Where: * F(x) is the transformation (conv layers) * x is the identity (skip connection) * + is element-wise addition

Note

The examples in this tutorial use simplified ResNet architectures without batch normalisation for clarity. The example found in git: example/resnet/src/main.f90 contains a more complete implementation.

For image classification, we can build a simple ResNet as follows:

program basic_resnet
  use athena
  implicit none

  type(network_type) :: net
  type(adam_optimiser_type) :: optimiser
  type(cce_loss_type) :: loss
  integer :: layer_id

  ! Image dimensions: 28x28 grayscale images
  ! Data format: [width, height, channels]
  integer, parameter :: width = 28, height = 28, channels = 1
  integer, parameter :: num_classes = 10

  ! Build ResNet architecture
  ! Initial conv layer
  call net%add(input_layer_type(input_shape=[width, height, channels]))
  call net%add(conv2d_layer_type( &
       num_filters=64, kernel_size=3, padding="same", activation="relu"))

  ! First residual block (64 filters)
  layer_id = net%num_layers  ! Save for skip connection
  call net%add(conv2d_layer_type( &
       num_filters=64, kernel_size=3, padding="same", activation="relu"))
  call net%add(conv2d_layer_type( &
       num_filters=64, kernel_size=3, padding="same"))
  ! Add skip connection
  call net%add(add_layer_type( &
       input_layer_ids=[layer_id, net%num_layers], input_rank=3), &
       input_list=[layer_id, net%num_layers], operator="+")
  call net%add(actv_layer_type(activation="relu"))

  ! Pooling and output
  call net%add(maxpool2d_layer_type(pool_size=2))
  call net%add(flatten_layer_type(input_rank=3))
  call net%add(full_layer_type(num_outputs=num_classes, activation="softmax"))

  ! Compile
  optimiser = adam_optimiser_type(learning_rate=0.001_real32)
  loss = cce_loss_type()
  call net%compile(optimiser=optimiser, loss_method=loss)

  call net%print_summary()

end program basic_resnet

The skip connection can be introduced in one of two ways; either by saving the layer ID before the residual path and using it in the add_layer_type, or by using the input_list parameter to specify which layers to combine.

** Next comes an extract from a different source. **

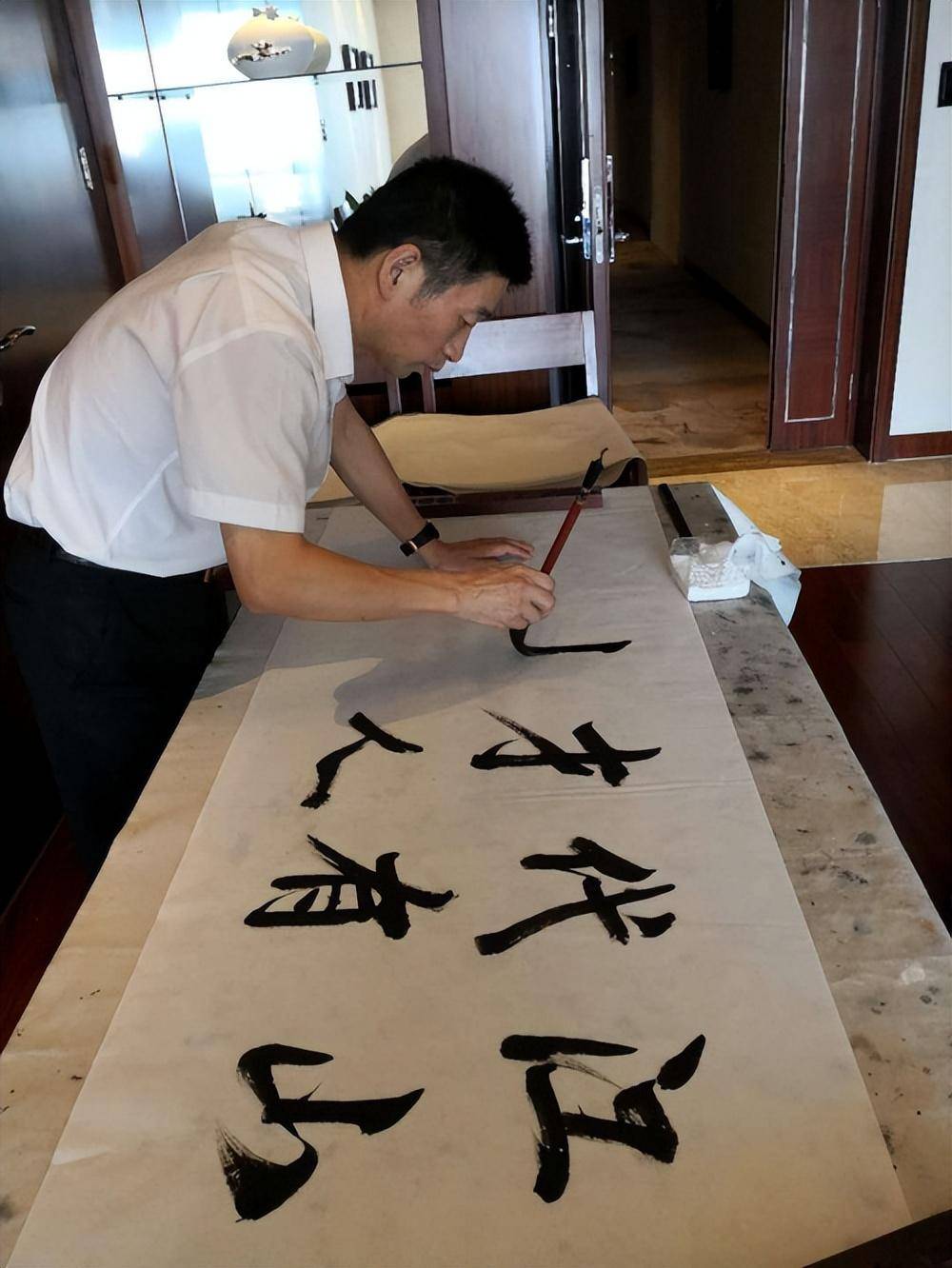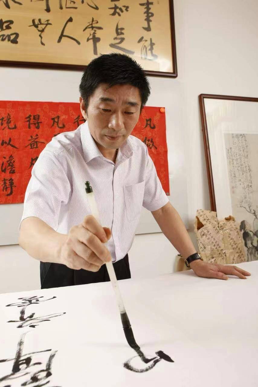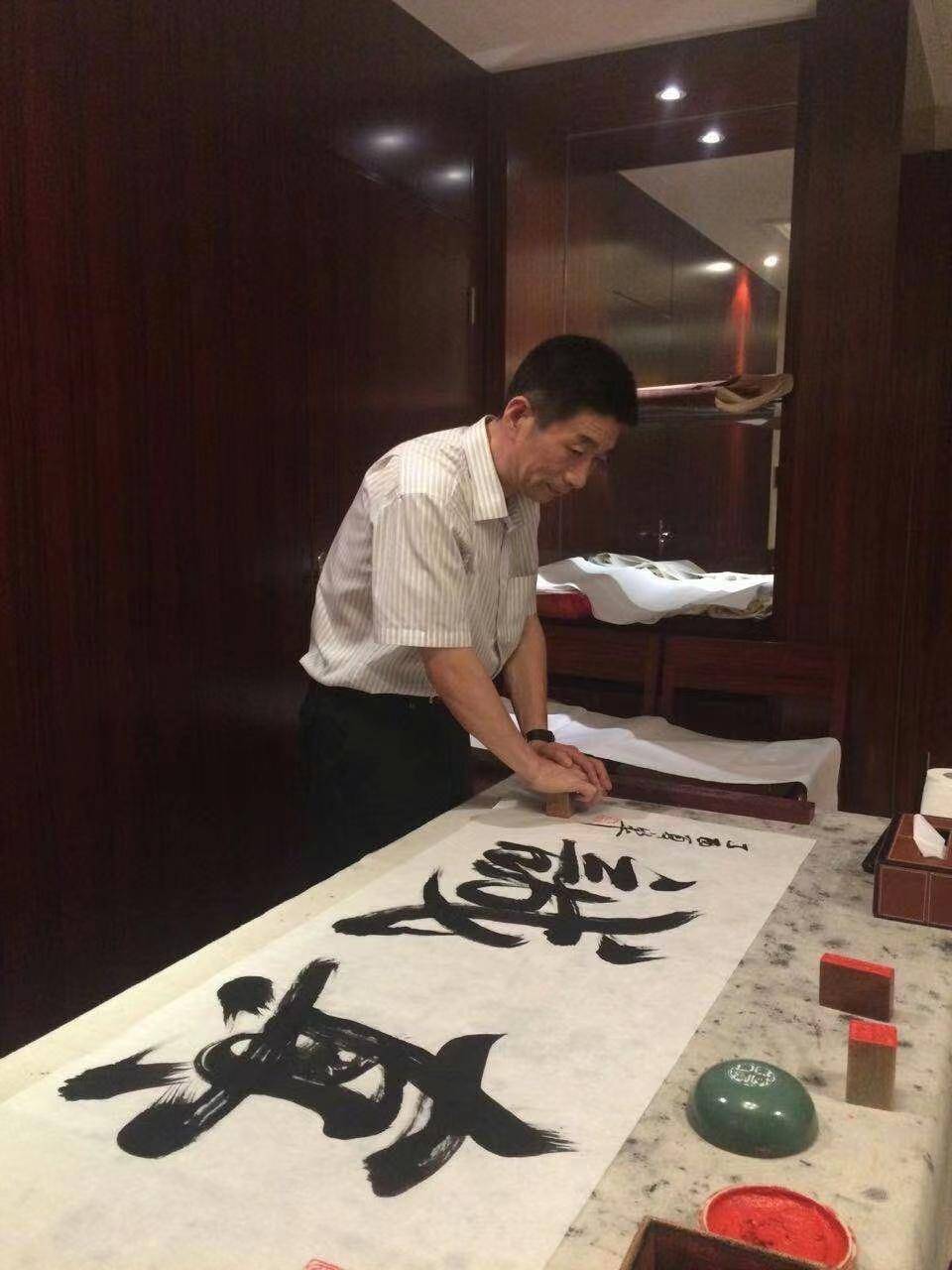 马乐平先生痴迷榜书,工作繁忙之际,每日即兴泼墨创作已成为他人生修行的必修课。榜书是实用性和艺术性高度统一的书法艺术,字大逾尺甚至径丈。他跟我们说,榜书之难,就难在一个“大”和一个“势”上。

The former method is shown above to be more explicit, while the latter is more concise. The latter method is shown below and just automates the tracking of layer IDs and handling of building out the addition layer operation. Direct use of add_layer_type requires specification of the input_rank parameter to indicate the rank of the input tensors (3 for 2D images due to the two spatial dimensions and channels).

Building Residual Blocks

For building deeper ResNets, we can create a subroutine to add residual blocks. This enables us to easily define repeatable stacks and add them to the network multiple times.

Helper Subroutine for Residual Blocks

Create a reusable subroutine for adding residual blocks:

subroutine add_residual_block(net, num_filters, stride)
  type(network_type), intent(inout) :: net
  integer, intent(in) :: num_filters
  integer, optional, intent(in) :: stride
  integer :: stride_, skip_id

  stride_ = 1
  if (present(stride)) stride_ = stride

  ! Save layer ID for skip connection
  skip_id = net%num_layers

  ! First conv layer in block
  call net%add(conv2d_layer_type( &
       num_filters=num_filters, kernel_size=3, &
       stride=stride_, padding="same", activation="relu"))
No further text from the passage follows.